PaddleDTX supports one-click pull up of the test network through docker compose. The official website gives the environmental requirements:
-
docker, recommended version 18.03+
-
docker-compose, recommended version 1.26.0+
-
If using a Mac to start the service, Docker Desktop is set to at least 4GB of runtime memory
Service start and stop
1. The one-click startup script is in the PaddleDTX/scripts directory, and the specific startup steps are as follows:
$ git clone git@github.com:PaddlePaddle/PaddleDTX.git
$ cd PaddleDTX/scripts
$ sh network_up.sh start
Support starting DAI based on the Fabric blockchain network, the command is as follows:
$ sh network_up.sh start -b fabric
Support starting DAI based on ipfs storage network, the command is as follows:
$ sh network_up.sh start -s ipfs
Support three-party DNN algorithm, the command is as follows:
$ sh network_up.sh start -p true
Interface visualization is supported. When starting paddledtx-visual, you should specify the computing node IP that can be accessed by the browser. For example, to start PaddleDTX and its visualization service on the machine whose host is "106.13.169.234", the command is as follows:
$ ./network_up.sh start -h 106.13.169.234
After the visualization service is started, the browser can enter http://106.13.169.234:8233/ to access it. For the node configuration before use, refer to the network startup instructions
2. Use scripts to quickly destroy the network:
$ sh network_up.sh stop
Destroy the Fabric-based DAI network:
$ sh network_up.sh stop -b fabric
After the network is started, when PaddleDTX starts successfully ! is printed, it means that the startup is successful, and users can quickly experience PaddleDTX through the ./paddledtx_test.sh script.
Sample upload and task release
PaddleDTX currently supports longitudinal linear regression, longitudinal logistic regression, and longitudinal neural network. The following uses multiple linear regression as an example to demonstrate the training and forecasting task release process.
1. Upload training and prediction sample files
$ ./paddledtx_test.sh upload_sample_files
This command uploaded a total of 14 files, including 8 sample files required by data holder A/B to release longitudinal linear regression, longitudinal logistic regression training and prediction tasks, and data holder A/B/C to release longitudinal deep neural 6 sample files required for network training and prediction tasks.

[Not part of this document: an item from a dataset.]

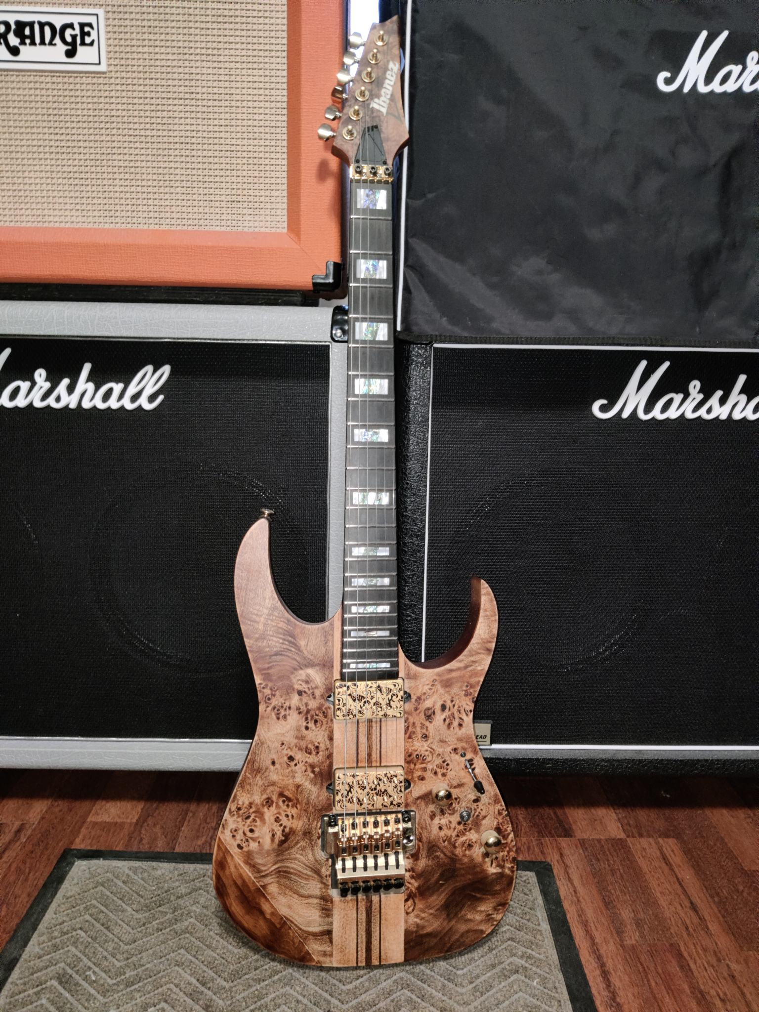 Взял третьего дня Ibanez AZ2402-PWF, давно хотел, смущали известные особенности (выше обсуждали). Первые впечатления крайне положительные - исполнение, звукосниматели - огонь. Легкий, ольха резонирует. В два разных аппарата пробовал (хайген и маршалоид), оба заиграли, что не на всех инструментах бывает. Толщина грифа не напрягает, чуть толще Wizard III, что не особе заметно. Лады идеальные, машинка супер, флажалеты высекаются огненно (не знаю в чём дело, на RG550 стараться нужно искать). Причём чуть не взял уже Jackson American Series Virtuoso (всегда нравились джексоны по профилю грифа и эргономике), в последний момент решил - топовый AZ лучше середины Jackson. Последней каплей были лады и машинка, а вариант HT Jackson как-то не по фэншую.

The sample files are stored in xdb with double copy backups.
2. Start the vertical linear regression training task, and the value of vlLinTrainfiles is the Vertical linear train sample files obtained in step 1
# 不启动模型评估
$ ./paddledtx_test.sh start_vl_linear_train -f $vlLinTrainfiles
# 启动模型评估
$ ./paddledtx_test.sh start_vl_linear_train -f $vlLinTrainfiles -e true
# 启动动态模型评估
$ ./paddledtx_test.sh start_vl_linear_train -f $vlLinTrainfiles -l true
After the task is released successfully, the training task ID will be returned. By default, model evaluation adopts k-fold cross-validation evaluation method, and dynamic model evaluation adopts random partition evaluation method.
3. Start the vertical linear regression prediction task. The value of vlLinPredictfiles is the Vertical linear prediction sample files obtained in step 1, and the value of linearModelTaskId is the model training task ID returned in step 2. Before releasing the prediction task, please ensure that step 2 has been trained
$ ./paddledtx_test.sh start_vl_linear_predict -f $vlLinPredictfiles -m $linearModelTaskId
The calculation of the prediction task is fast, and the prediction result will be downloaded automatically after the calculation is completed, and the RMSE of the prediction effect index will be calculated.
4. The user can view the task status, taskID is the calculation task ID
$ ./paddledtx_test.sh gettaskbyid -i $taskID
The operation of longitudinal logistic regression and neural network is similar, so I won't repeat them here.